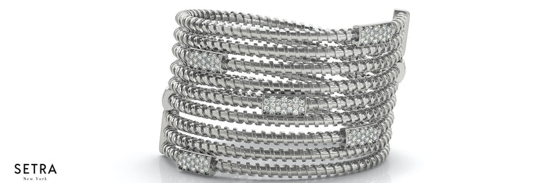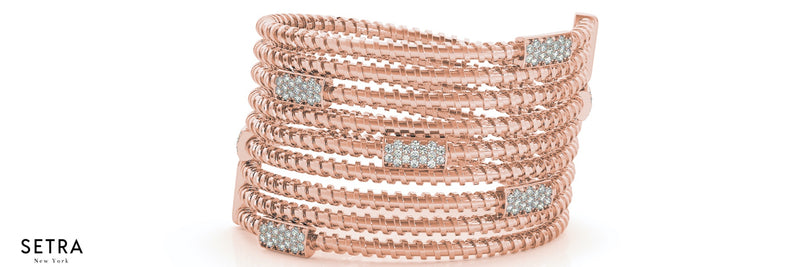 Round Diamonds Women's Open Twist Bangle Solid Bracelet 14k Gold
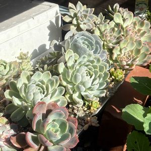 先日のリエールフェスの戦利品 毎月5日は群生の日に参加します❣️ 群生多肉が気になる〜😆って事で群生多肉候補生をお迎えしましたよ😊 今回はちょっと少なめかな? 前々から欲しかった苗もお迎え 新品種は少なめ😅 2枚目はうちの群生風多肉たち シルエットだと思って葉挿しっ子をまとめて育ててたらアレ?シルエットじゃない💦花月夜でした😅 3枚目 葉挿しっ子や挿し芽の置き場所が最近とっても日当たりが良くてみーんな色付いて😍可愛くなっちゃって寄せ植えに使えない😅 過酷な夏を越せた子たちは紅葉も綺麗です☺️
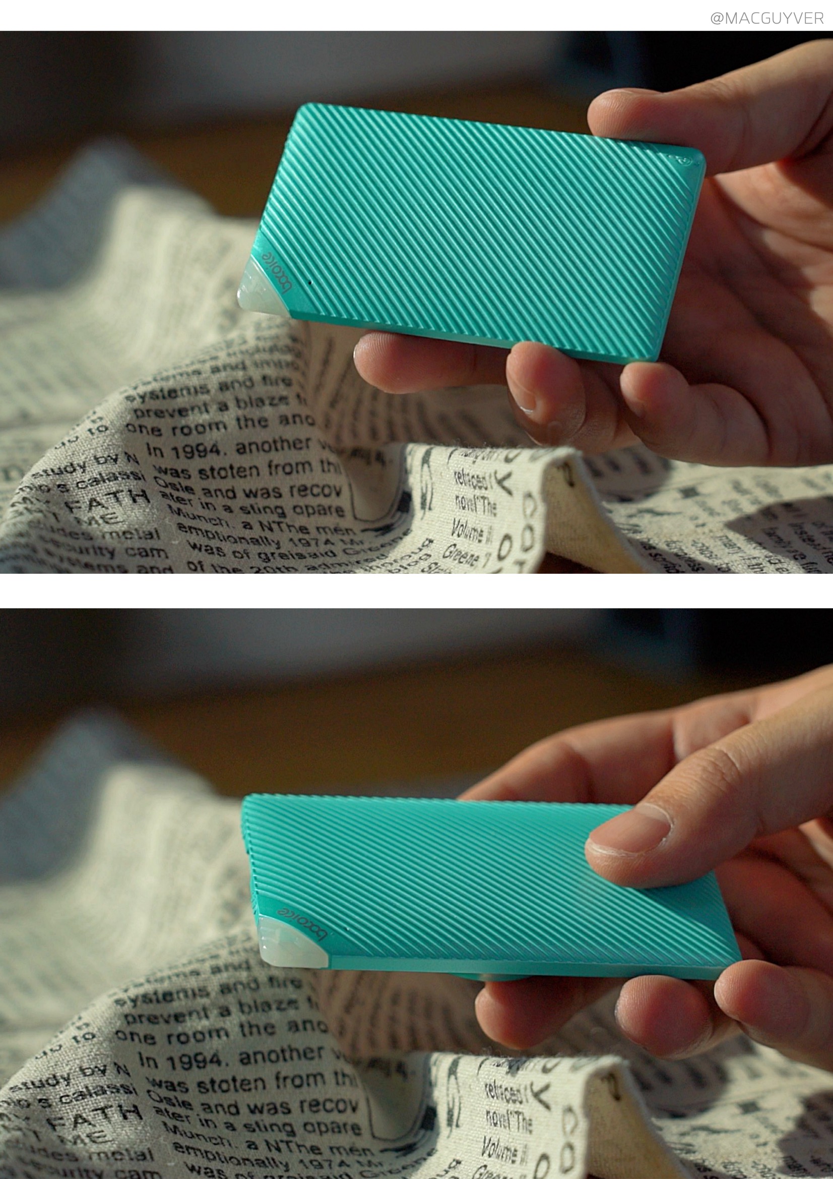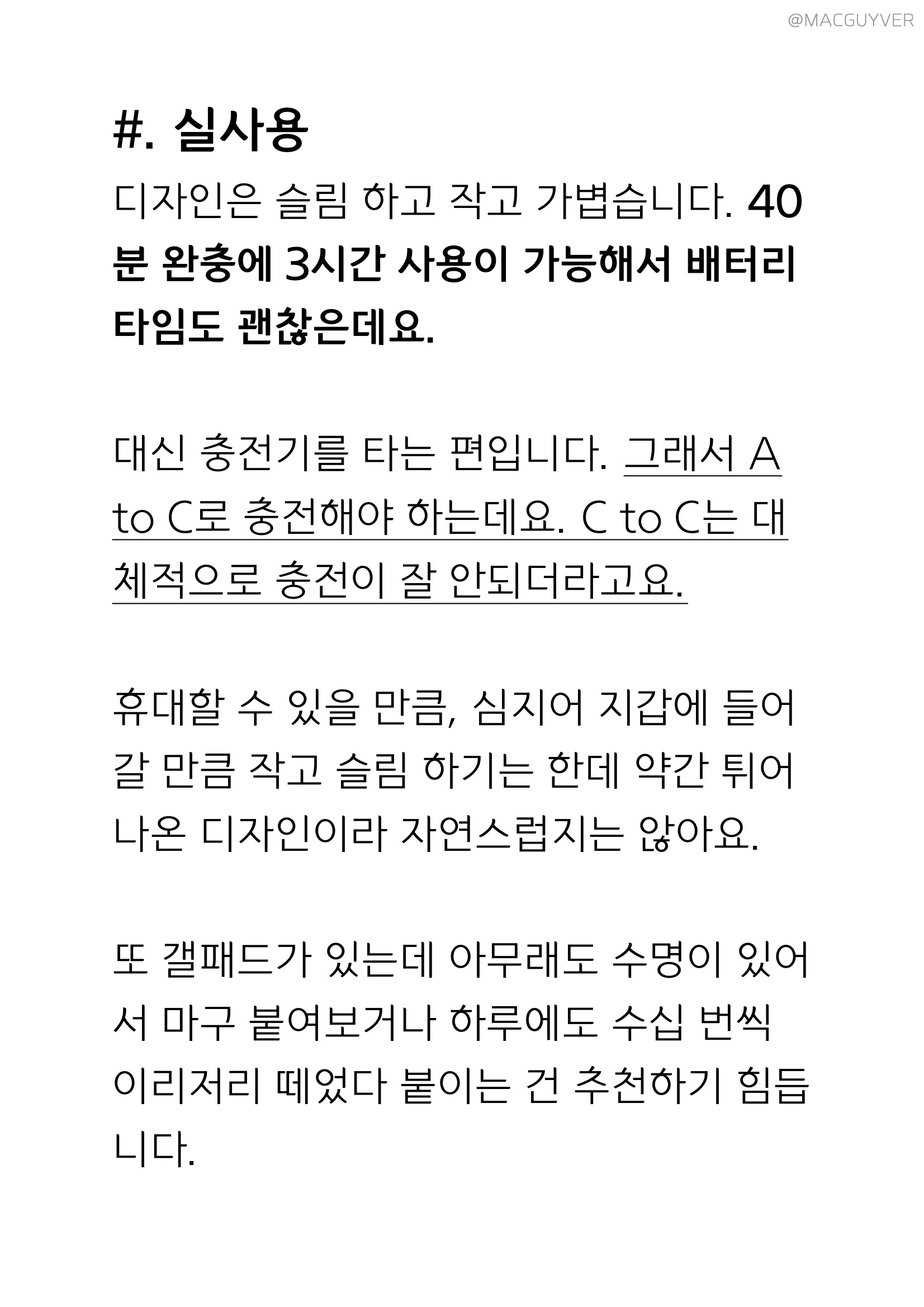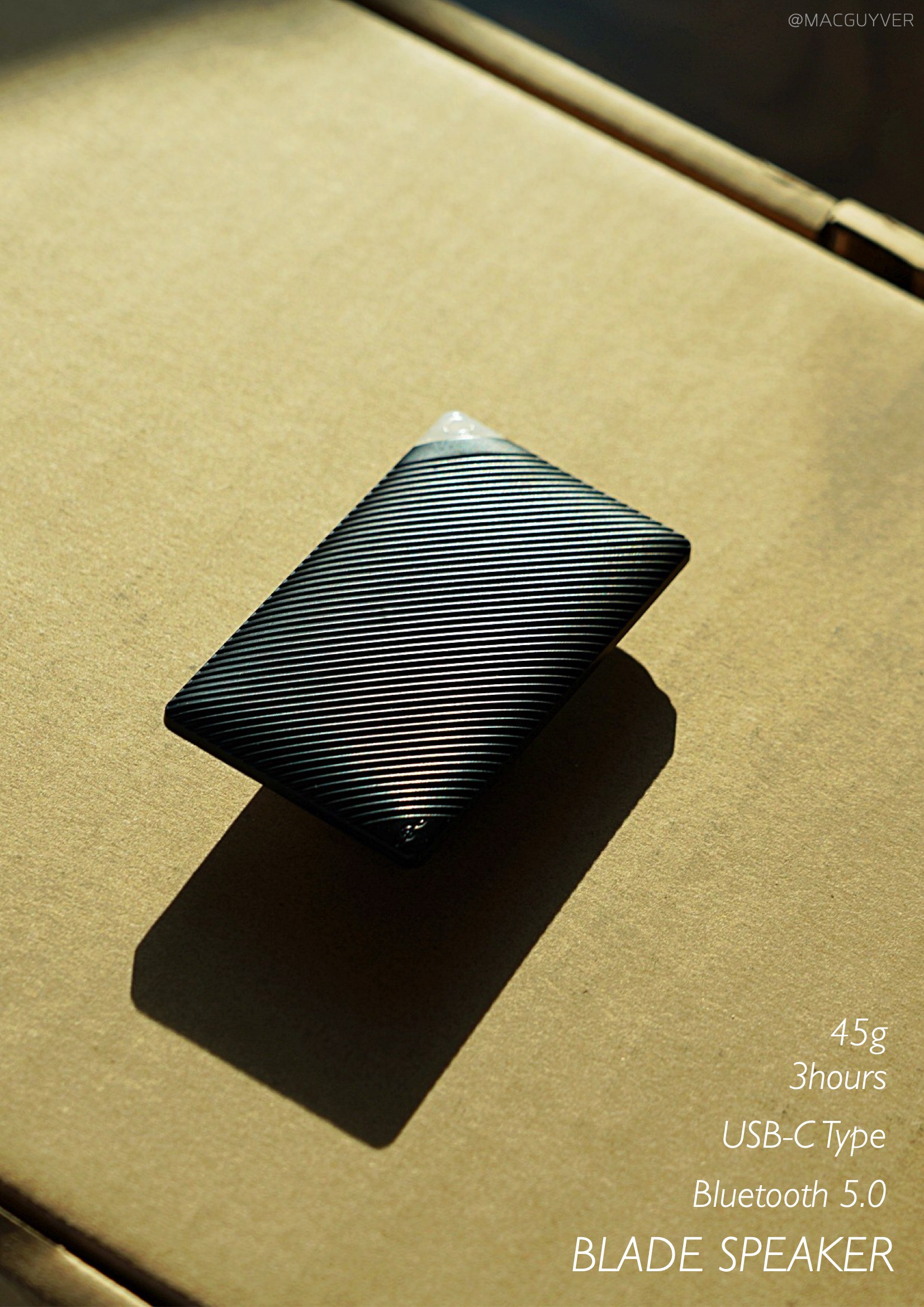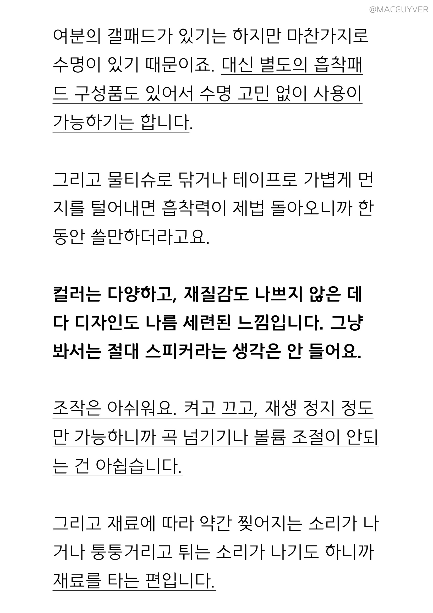 #. 블루투스 스피커 실사용 디자인은 슬림 하고 작고 가볍습니다. 40분 완충에 3시간 사용이 가능해서 배터리 타임도 괜찮은데요. 대신 충전기를 타는 편입니다. 그래서 A to C로 충전해야 하는데요. C to C는 대체적으로 충전이 잘 안되더라고요. 블레이드는 휴대할 수 있을 만큼, 심지어 지갑에 들어갈 만큼 작고 슬림 하기는 한데 약간 튀어나온 디자인이라 마냥 편하지는 않습니다. 또 갤패드가 있는데 아무래도 수명이 있어서 마구 붙여보거나 하루에도 수십 번씩 이리저리 떼었다 붙이는 건 추천하기 힘듭니다. 여분의 갤패드가 있기는 하지만 마찬가지로 수명이 있기 때문이죠. 대신 미니스피커에 별도의 흡착패드 구성품도 있어서 수명 고민 없이 사용이 가능하기는 합니다. 그리고 물티슈로 닦거나 테이프로 가볍게 먼지를 털어내면 제법 흡착력이 돌아오니까 걱정 없이 한동안 쓰는 것도 가능하더라고요. 블루투스 스피커 컬러는 다양하고, 재질감도 나쁘지 않은 데다 디자인도 나름 세련된 느낌입니다. 초소형 스피커라 그냥 봐서는 절대 스피커라는 생각은 안 드는데요. 조작은 아쉬워요. 켜고 끄고, 재생 정지 정도만 가능하니까 곡 넘기기나 볼륨 조절이 안되는 건 아쉽습니다. 그리고 재료에 따라 약간 찢어지는 소리가 나거나 퉁퉁거리고 튀는 소리가 나기도 하니까 재료를 타는 편입니다.
++++++++++
◆ **How to complete this task**
Each line above is to be repeated exactly as written; no picture is carried over.

◆ **Solution for this exercise**
 Round Diamonds Women's Open Twist Bangle Solid Bracelet 14k Gold
 先日のリエールフェスの戦利品 毎月5日は群生の日に参加します❣️ 群生多肉が気になる〜😆って事で群生多肉候補生をお迎えしましたよ😊 今回はちょっと少なめかな? 前々から欲しかった苗もお迎え 新品種は少なめ😅 2枚目はうちの群生風多肉たち シルエットだと思って葉挿しっ子をまとめて育ててたらアレ?シルエットじゃない💦花月夜でした😅 3枚目 葉挿しっ子や挿し芽の置き場所が最近とっても日当たりが良くてみーんな色付いて😍可愛くなっちゃって寄せ植えに使えない😅 過酷な夏を越せた子たちは紅葉も綺麗です☺️
 #. 블루투스 스피커 실사용 디자인은 슬림 하고 작고 가볍습니다. 40분 완충에 3시간 사용이 가능해서 배터리 타임도 괜찮은데요. 대신 충전기를 타는 편입니다. 그래서 A to C로 충전해야 하는데요. C to C는 대체적으로 충전이 잘 안되더라고요. 블레이드는 휴대할 수 있을 만큼, 심지어 지갑에 들어갈 만큼 작고 슬림 하기는 한데 약간 튀어나온 디자인이라 마냥 편하지는 않습니다. 또 갤패드가 있는데 아무래도 수명이 있어서 마구 붙여보거나 하루에도 수십 번씩 이리저리 떼었다 붙이는 건 추천하기 힘듭니다. 여분의 갤패드가 있기는 하지만 마찬가지로 수명이 있기 때문이죠. 대신 미니스피커에 별도의 흡착패드 구성품도 있어서 수명 고민 없이 사용이 가능하기는 합니다. 그리고 물티슈로 닦거나 테이프로 가볍게 먼지를 털어내면 제법 흡착력이 돌아오니까 걱정 없이 한동안 쓰는 것도 가능하더라고요. 블루투스 스피커 컬러는 다양하고, 재질감도 나쁘지 않은 데다 디자인도 나름 세련된 느낌입니다. 초소형 스피커라 그냥 봐서는 절대 스피커라는 생각은 안 드는데요. 조작은 아쉬워요. 켜고 끄고, 재생 정지 정도만 가능하니까 곡 넘기기나 볼륨 조절이 안되는 건 아쉽습니다. 그리고 재료에 따라 약간 찢어지는 소리가 나거나 퉁퉁거리고 튀는 소리가 나기도 하니까 재료를 타는 편입니다.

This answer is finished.